[Source data]
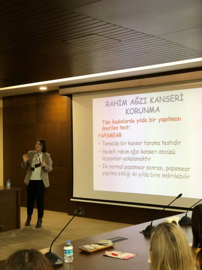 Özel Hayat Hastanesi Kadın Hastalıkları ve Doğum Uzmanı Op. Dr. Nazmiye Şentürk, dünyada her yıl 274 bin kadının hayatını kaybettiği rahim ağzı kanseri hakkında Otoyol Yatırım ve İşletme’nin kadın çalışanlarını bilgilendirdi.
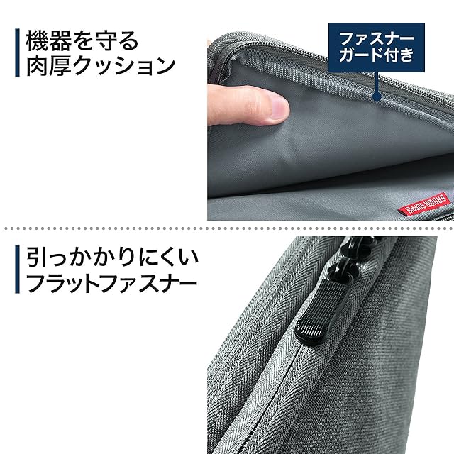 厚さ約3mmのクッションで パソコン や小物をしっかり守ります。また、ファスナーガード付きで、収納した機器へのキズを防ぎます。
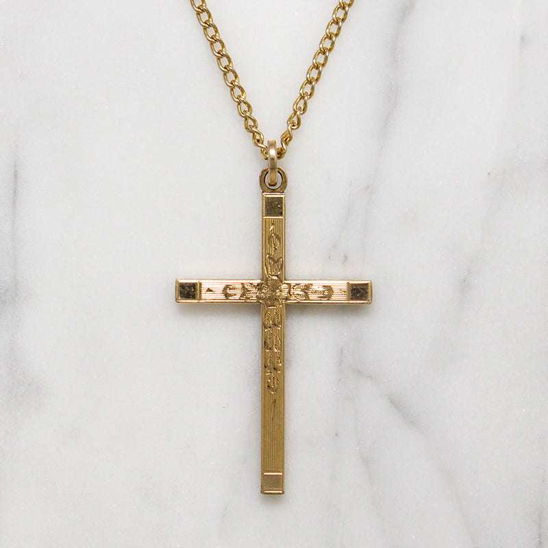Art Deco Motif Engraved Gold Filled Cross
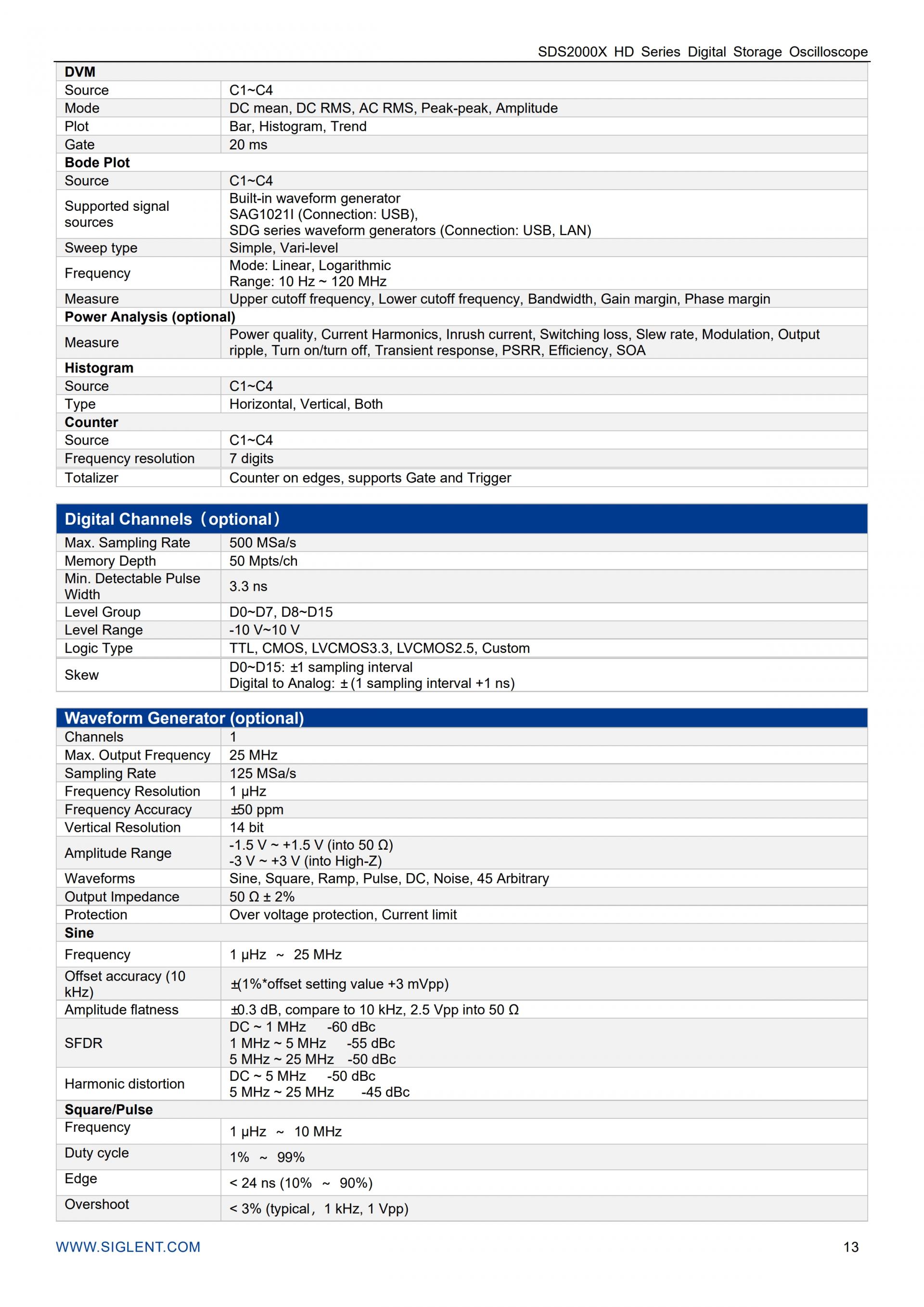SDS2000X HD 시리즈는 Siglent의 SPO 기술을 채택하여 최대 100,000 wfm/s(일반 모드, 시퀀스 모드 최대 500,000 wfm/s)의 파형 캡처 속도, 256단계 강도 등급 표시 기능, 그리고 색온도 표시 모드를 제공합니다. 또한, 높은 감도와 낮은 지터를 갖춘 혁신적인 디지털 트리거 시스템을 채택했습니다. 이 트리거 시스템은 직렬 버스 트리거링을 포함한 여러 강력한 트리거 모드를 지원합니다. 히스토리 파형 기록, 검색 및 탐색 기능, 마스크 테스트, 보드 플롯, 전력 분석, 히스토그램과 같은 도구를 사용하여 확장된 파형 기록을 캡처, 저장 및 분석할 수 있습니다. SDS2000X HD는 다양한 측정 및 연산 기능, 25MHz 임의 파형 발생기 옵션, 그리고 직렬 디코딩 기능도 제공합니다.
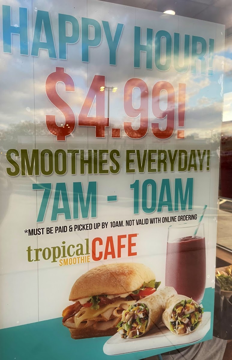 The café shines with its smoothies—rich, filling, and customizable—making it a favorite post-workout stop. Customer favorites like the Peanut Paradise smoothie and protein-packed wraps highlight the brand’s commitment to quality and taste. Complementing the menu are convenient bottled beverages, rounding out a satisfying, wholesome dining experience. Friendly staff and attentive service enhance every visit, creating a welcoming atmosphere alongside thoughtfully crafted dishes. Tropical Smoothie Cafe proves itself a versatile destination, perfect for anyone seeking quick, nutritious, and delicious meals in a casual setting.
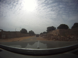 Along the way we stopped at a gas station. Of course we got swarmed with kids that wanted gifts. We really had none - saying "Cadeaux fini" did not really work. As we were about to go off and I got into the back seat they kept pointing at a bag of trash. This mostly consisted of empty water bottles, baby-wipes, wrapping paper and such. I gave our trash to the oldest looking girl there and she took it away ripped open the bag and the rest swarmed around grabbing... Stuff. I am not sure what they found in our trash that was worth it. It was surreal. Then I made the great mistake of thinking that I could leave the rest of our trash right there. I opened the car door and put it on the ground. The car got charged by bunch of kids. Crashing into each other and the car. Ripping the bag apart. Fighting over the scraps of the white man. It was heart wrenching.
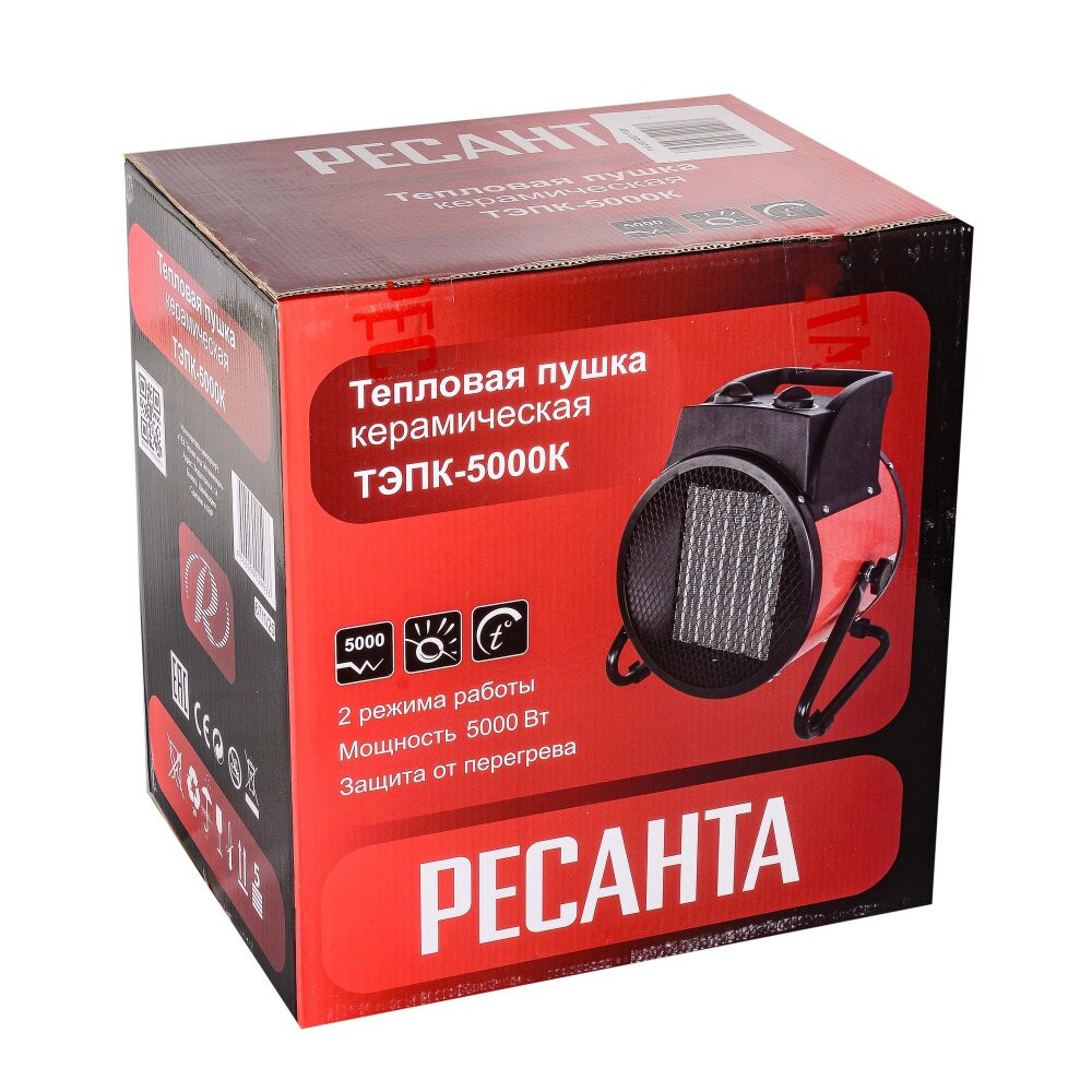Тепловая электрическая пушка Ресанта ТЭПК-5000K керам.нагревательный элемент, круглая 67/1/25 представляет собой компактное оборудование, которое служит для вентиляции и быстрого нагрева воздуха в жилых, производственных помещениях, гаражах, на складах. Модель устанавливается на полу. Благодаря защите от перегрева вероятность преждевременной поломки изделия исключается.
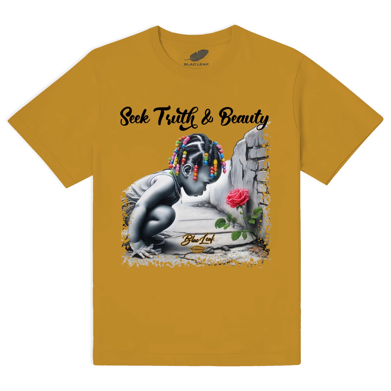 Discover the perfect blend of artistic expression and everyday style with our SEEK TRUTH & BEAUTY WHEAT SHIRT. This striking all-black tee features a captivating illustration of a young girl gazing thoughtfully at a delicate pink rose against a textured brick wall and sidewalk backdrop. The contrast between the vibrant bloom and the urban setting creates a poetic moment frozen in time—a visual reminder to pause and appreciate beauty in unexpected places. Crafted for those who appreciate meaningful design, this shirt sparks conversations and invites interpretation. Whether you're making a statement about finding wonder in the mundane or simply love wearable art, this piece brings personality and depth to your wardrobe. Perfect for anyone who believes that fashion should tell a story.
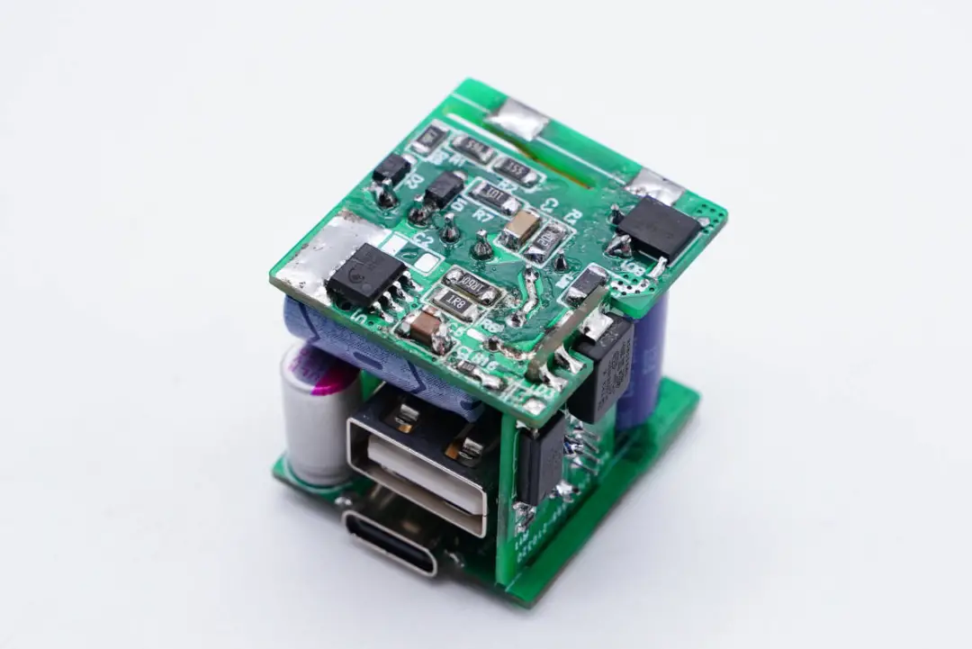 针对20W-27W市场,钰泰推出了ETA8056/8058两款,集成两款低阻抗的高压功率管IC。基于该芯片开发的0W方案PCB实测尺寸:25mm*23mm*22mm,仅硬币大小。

**EXERCISE AIM**
Take only the line containing "Тепловая электрическая пушка" and every line after it to the end of the entries, and copy them exactly, pictures excluded.

**SOLUTION FOR THIS TASK**
Тепловая электрическая пушка Ресанта ТЭПК-5000K керам.нагревательный элемент, круглая 67/1/25 представляет собой компактное оборудование, которое служит для вентиляции и быстрого нагрева воздуха в жилых, производственных помещениях, гаражах, на складах. Модель устанавливается на полу. Благодаря защите от перегрева вероятность преждевременной поломки изделия исключается.
 Discover the perfect blend of artistic expression and everyday style with our SEEK TRUTH & BEAUTY WHEAT SHIRT. This striking all-black tee features a captivating illustration of a young girl gazing thoughtfully at a delicate pink rose against a textured brick wall and sidewalk backdrop. The contrast between the vibrant bloom and the urban setting creates a poetic moment frozen in time—a visual reminder to pause and appreciate beauty in unexpected places. Crafted for those who appreciate meaningful design, this shirt sparks conversations and invites interpretation. Whether you're making a statement about finding wonder in the mundane or simply love wearable art, this piece brings personality and depth to your wardrobe. Perfect for anyone who believes that fashion should tell a story.
 针对20W-27W市场,钰泰推出了ETA8056/8058两款,集成两款低阻抗的高压功率管IC。基于该芯片开发的0W方案PCB实测尺寸:25mm*23mm*22mm,仅硬币大小。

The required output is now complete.